*DATA SHOWN:*
______________________________
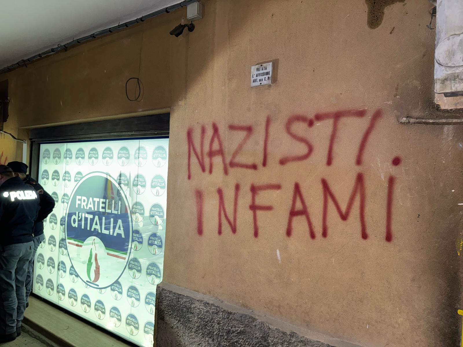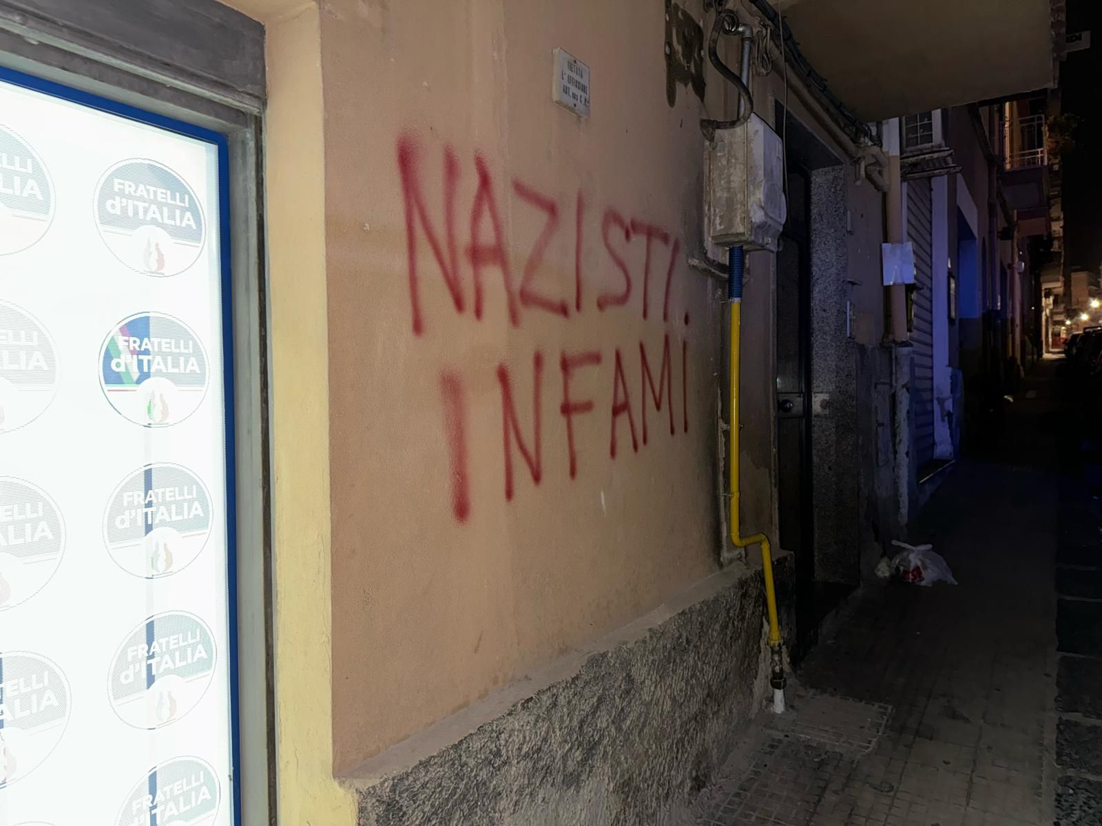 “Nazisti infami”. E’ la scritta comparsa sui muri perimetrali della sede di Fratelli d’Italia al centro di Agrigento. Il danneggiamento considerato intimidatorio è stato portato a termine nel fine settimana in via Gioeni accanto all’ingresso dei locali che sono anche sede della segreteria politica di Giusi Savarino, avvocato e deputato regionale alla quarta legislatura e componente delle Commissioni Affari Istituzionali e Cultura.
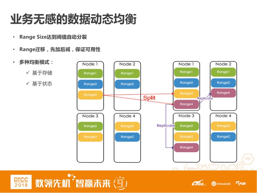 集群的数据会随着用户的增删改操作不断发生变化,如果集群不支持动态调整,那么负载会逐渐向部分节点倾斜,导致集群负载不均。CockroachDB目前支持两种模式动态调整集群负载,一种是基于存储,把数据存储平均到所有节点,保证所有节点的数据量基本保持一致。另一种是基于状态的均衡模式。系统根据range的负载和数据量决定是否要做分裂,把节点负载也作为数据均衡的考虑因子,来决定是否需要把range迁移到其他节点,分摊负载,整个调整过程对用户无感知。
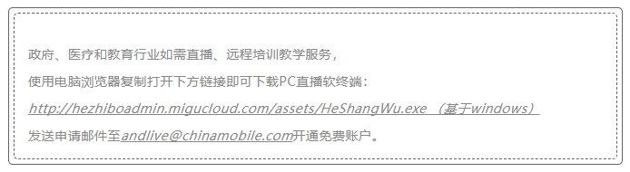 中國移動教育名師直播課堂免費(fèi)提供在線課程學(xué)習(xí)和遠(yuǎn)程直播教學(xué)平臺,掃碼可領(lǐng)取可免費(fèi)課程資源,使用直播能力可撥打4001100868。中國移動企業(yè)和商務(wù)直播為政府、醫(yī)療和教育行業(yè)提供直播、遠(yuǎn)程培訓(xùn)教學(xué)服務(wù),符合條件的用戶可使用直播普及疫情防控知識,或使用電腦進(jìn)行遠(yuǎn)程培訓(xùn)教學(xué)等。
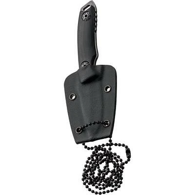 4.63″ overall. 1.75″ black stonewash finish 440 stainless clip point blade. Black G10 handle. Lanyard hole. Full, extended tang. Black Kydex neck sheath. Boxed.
______________________________
*EXERCISE:* Take the line containing "中國移動教育名師直播課堂免費" and every line after it up to the end of the data, and write them out exactly, without the pictures.

*TASK RESULT:*
 中國移動教育名師直播課堂免費(fèi)提供在線課程學(xué)習(xí)和遠(yuǎn)程直播教學(xué)平臺,掃碼可領(lǐng)取可免費(fèi)課程資源,使用直播能力可撥打4001100868。中國移動企業(yè)和商務(wù)直播為政府、醫(yī)療和教育行業(yè)提供直播、遠(yuǎn)程培訓(xùn)教學(xué)服務(wù),符合條件的用戶可使用直播普及疫情防控知識,或使用電腦進(jìn)行遠(yuǎn)程培訓(xùn)教學(xué)等。
 4.63″ overall. 1.75″ black stonewash finish 440 stainless clip point blade. Black G10 handle. Lanyard hole. Full, extended tang. Black Kydex neck sheath. Boxed.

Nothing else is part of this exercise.